Malta Clinic is life saver for patients who can’t pay
Article by Otis R. Taylor Jr. of the San Francisco Chronicle:
Fred Pons has knobby knuckles and the coarse hands of a jack-of-all-trades handyman.
The El Sobrante resident is a house painter, but when he’s not painting, he does odd jobs like landscaping to make ends meet.
Landscaping is how he got the spider bite this summer.
He was bitten on a Wednesday evening as he cleared wood chips from a yard in Berkeley. His hand and forearm swelled so that he looked like Popeye after scarfing down a can of spinach. He felt as if his hand was under a heating lamp. And he had a fever.
But instead of going to the emergency room, Pons gambled with his health. He has no health insurance and was afraid he’d struggle to pay any medical bills if he sought emergency help.
So, he waited until Friday morning to get medical help.
That’s when he went to the Order of Malta Clinic of Northern California, a free clinic in Oakland that’s open Monday, Wednesday and Friday for walk-ins, and Tuesday for appointments.
“I live on the edge as it is,” he told me when we met at the clinic. “I know (the emergency room) would’ve admitted me right away. I did everything I could to avoid that.”
Pons, 55, is one of 25,000 patients who’ve relied on the Order of Malta Clinic. The nonprofit health center is in the basement of the Roman Catholic Cathedral of Christ the Light on Harrison Street near Lake Merritt. Since the 11th century, the mission of the Order of Malta, a lay religious group, has been to take care of the sick and poor. It opened in Oakland in 2008.
When you walk into the clinic, a receptionist asks one question: “Do you have insurance?” If the answer is no, the patient isn’t turned away.
At the clinic, health care is treated as a right.

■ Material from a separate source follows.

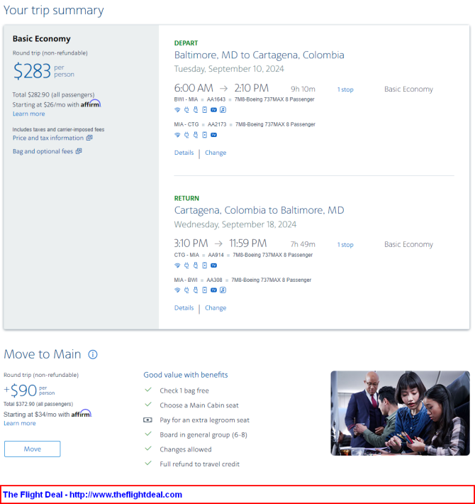 BWI -MIA (Miami) – CTG (Cartagena) – MIA – BWI

The Malta Clinic doesn’t take payment for services, and the clinic accepts anyone, regardless of race, religion or immigration status. People go to the clinic for regular checkups, and treatment for diseases such as diabetes and conditions like high blood pressure.
Except for the receptionists and a few nurse practitioners and doctors, the clinic is staffed by volunteers. On a recent tour of the clinic, I met Francisco Javier Diaz, who wore a white lab coat over a black shirt with a clergy collar. Downstairs he’s Dr. Diaz, a family doctor. Upstairs, he’s Father Diaz, a Jesuit priest.
The clinic also uses residents from Kaiser Permanente who are training in clinical medicine, and it has a partnership with UC San Francisco’s nurse practitioner program.
“This place is like volunteer city. It’s wonderful,” said Vona Lorenzana, one of the few doctors who are paid. “There are people who fall between the cracks, and we’re here to serve.”
The clinic is privately funded through donations, an annual fundraising dinner and corporate grant money. It costs $550,000 to operate the clinic yearly, according to John Christian, the clinic’s board president. Because the clinic partners with vendors such as Quest Diagnostics, the clinical laboratory provider, it’s able to pay for lab tests. The only thing the clinic doesn’t cover is prescriptions.
But sometimes they find ways even then to help.
Last year, the clinic treated Pons for hepatitis C, a virus that affects the liver. It was the first such case the clinic handled, and the staff worked with a medical provider to get Pons a free prescription of Harvoni, the expensive antiviral medication with a high cure rate. Without insurance, Pons would’ve paid about $1,000 pill — or about $84,000 for a typical 12-week treatment cycle.
After four weeks taking Harvoni, the virus was undetected in Pons’ blood. Without Order of Malta, he’d still be suffering stomach pain, nausea and fatigue, the symptoms associated with hepatitis C.
For the spider bite, Pons took antibiotics — two different prescriptions — for three weeks. All that remains from the bite are pink dots between his thumb and forefinger.
“Trying to find ways to get health care taken care of, sometimes it’s a little rough,” he said as he rubbed his hands. “But with the Malta Clinic, whatever they can provide they provide.”